** Try it **
Begin at the line containing "Your sponsorship provides" and restate it and each line after it exactly, up to and including the last line below. Leave pictures out.

** Records from a data collection **
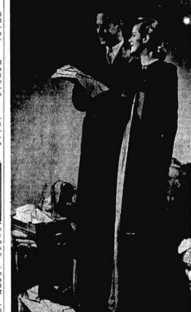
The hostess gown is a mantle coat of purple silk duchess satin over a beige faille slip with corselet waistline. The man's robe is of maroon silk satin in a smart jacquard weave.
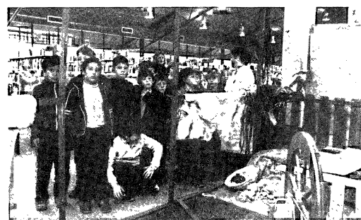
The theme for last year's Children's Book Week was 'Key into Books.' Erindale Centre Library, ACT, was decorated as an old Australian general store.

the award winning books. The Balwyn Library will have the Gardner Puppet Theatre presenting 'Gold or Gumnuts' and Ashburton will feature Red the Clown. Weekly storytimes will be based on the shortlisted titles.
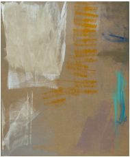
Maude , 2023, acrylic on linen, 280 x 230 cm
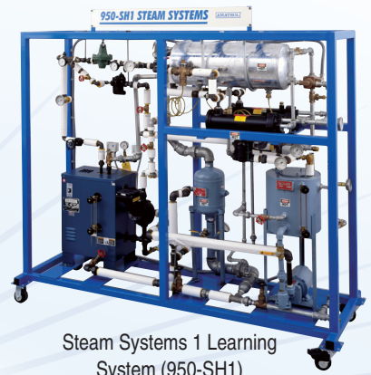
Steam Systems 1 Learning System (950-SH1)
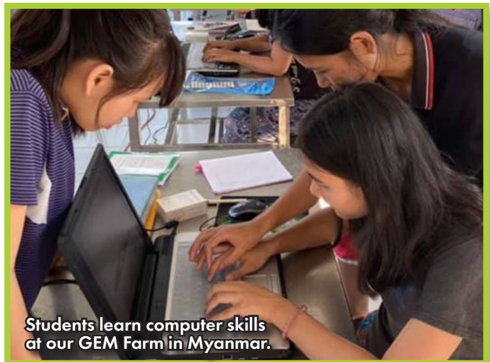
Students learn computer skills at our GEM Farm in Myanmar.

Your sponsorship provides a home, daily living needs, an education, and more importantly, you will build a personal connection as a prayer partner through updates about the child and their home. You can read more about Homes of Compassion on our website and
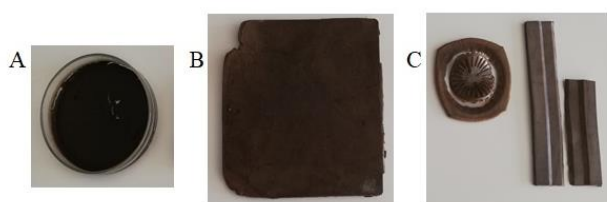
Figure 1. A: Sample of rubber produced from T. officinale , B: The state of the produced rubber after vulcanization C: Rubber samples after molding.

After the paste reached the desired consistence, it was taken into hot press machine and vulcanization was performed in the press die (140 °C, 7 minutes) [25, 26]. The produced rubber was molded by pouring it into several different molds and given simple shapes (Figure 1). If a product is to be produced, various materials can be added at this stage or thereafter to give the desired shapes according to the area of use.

** Result **
Your sponsorship provides a home, daily living needs, an education, and more importantly, you will build a personal connection as a prayer partner through updates about the child and their home. You can read more about Homes of Compassion on our website and
Figure 1. A: Sample of rubber produced from T. officinale , B: The state of the produced rubber after vulcanization C: Rubber samples after molding.

After the paste reached the desired consistence, it was taken into hot press machine and vulcanization was performed in the press die (140 °C, 7 minutes) [25, 26]. The produced rubber was molded by pouring it into several different molds and given simple shapes (Figure 1). If a product is to be produced, various materials can be added at this stage or thereafter to give the desired shapes according to the area of use.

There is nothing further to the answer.